Avrupa Birliği uyum anlaşması doğrultusunda, sadece Türkiye için değil, Avrupa için de gerekli olarak yapılan ihaleler, Merkez Bankası’nın finansal hareketleri gibi bilgiler de düzenli olarak internette yayınlandı. Bu bilgi havuzuna, yerel medyayı ve sosyal medyayı da eklerseniz, 20 yılda devasa bir bilgi ve belge ortamı oluştu. Bunlara Türkiye ile ilgili olarak yabancı ülkelerde yayınlanan haberleri, bilgileri, belgeleri de ekleyebilirsiniz. Bu arşivleri araştıran bazı genç gazeteciler birçok ilginç bilgiyi, ilişkiyi ortaya çıkarıyor. Örneğin Soylu’nun yardımcısının kardeşinin Fetö iltisaklı olduğu, bazı cinayetlerde mafya ilişkileri üzerinde kamuoyunda ciddiye alınan iddialar var. 
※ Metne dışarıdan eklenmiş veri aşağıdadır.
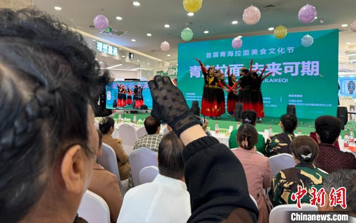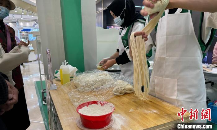活動(dòng)現(xiàn)場(chǎng),人頭攢動(dòng),展示區(qū)展出拉面成品,可品嘗手工拉面,亦有牦牛肉干、甜醅等青海特色美食,相關(guān)從業(yè)人員“各顯神通”,吸引來往行人。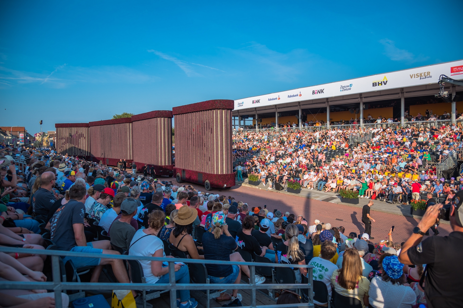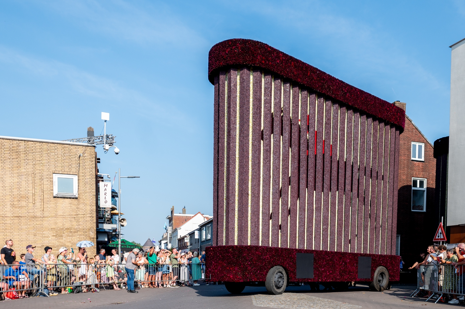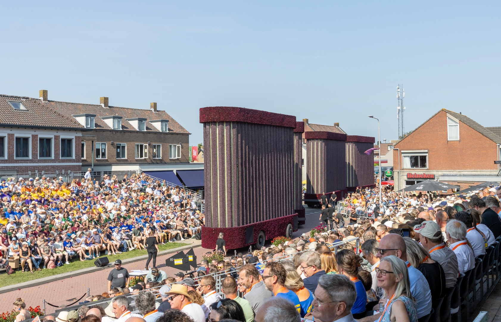 Dit is een compleet ander concept binnen het corso en dat verdient een compliment. Het publiek krijgt een treintje van vier wagens te zien en viermaal een voorstelling op die wagens. De wagens zelf zijn niet super interessant als objecten. Als het geheel komt aanrijden, denk je naar iets sciencefictionachtigste kijken, een enorm hoge smalle vorm met rasters. Alsof er een boodschap van doem wordt uitgesproken. De nieuwsgierigheid is in ieder geval gewekt.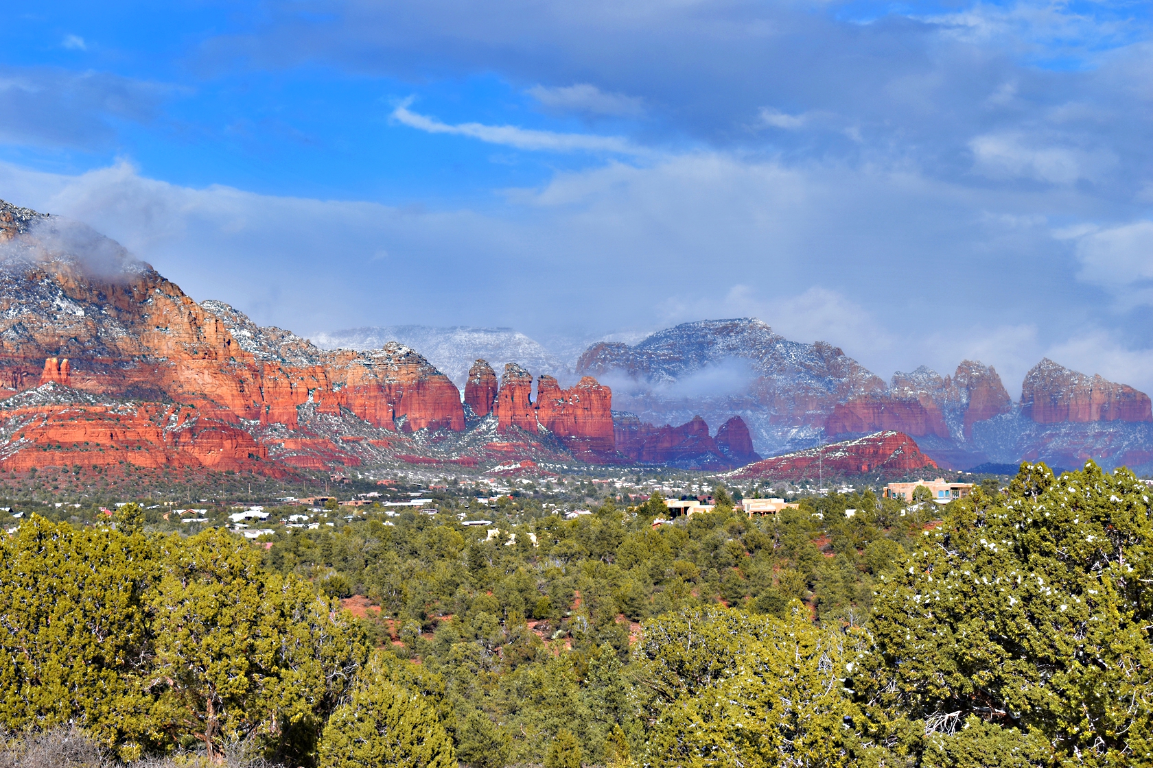 Another beautiful shot of Sedona in the snow! I love how you can see some mist or small low clouds floating through, adds a lot of character to it! Wow.. What an amazing place. Excellent composition and a lot of different colors to balance it out. Great capture!

Bunlar işin ciddi tarafı. Bir de fazla ciddiye alınmayan tarafı var. Ciddiyetle ele alınan konularda birisi bir şey söyler, söylediğini yapar, izleyen de ona inanır. Birisi kalkıp derse ki, şu ülkenin başkanı katildir, onların ülkesine girip başkentinde sabah namazı kılacağız, hemen hazırlanırsınız. Gençlerin bir kısmı asker olmak için heveslenir, yaşlılar da evde makarna, pirinç, şeker stoku yapar. Zaman geçer, bir bakarsınız ki ne gelen var, ne giden…  Hatta o katille görüşme konusu bile gündeme getirilmiş. Bu tür olaylar saymakla bitmeyebilir.

Gözleri ışıl ışıl olan bir bakan, burada başka dışarıda başka konuşur. Tüm sorunlarımızın çözüldüğünü bize anlatırlarken, Suudi Arabistan Finans Bakanı Muhammed Al Jadaan, Türkiye, Pakistan, Mısır gibi “savunmasız” ülkeleri desteklemeye devam ediyoruz diyebiliyor Davos konferansında ve ekliyor; "Bu ülkelere ciddi yatırımlar yapıyoruz ve yatırımlara devam etmek için fırsat kolluyoruz"

Bu ciddi yatırımlar neler ve fırsat kolladıkları yatırımlar neler? 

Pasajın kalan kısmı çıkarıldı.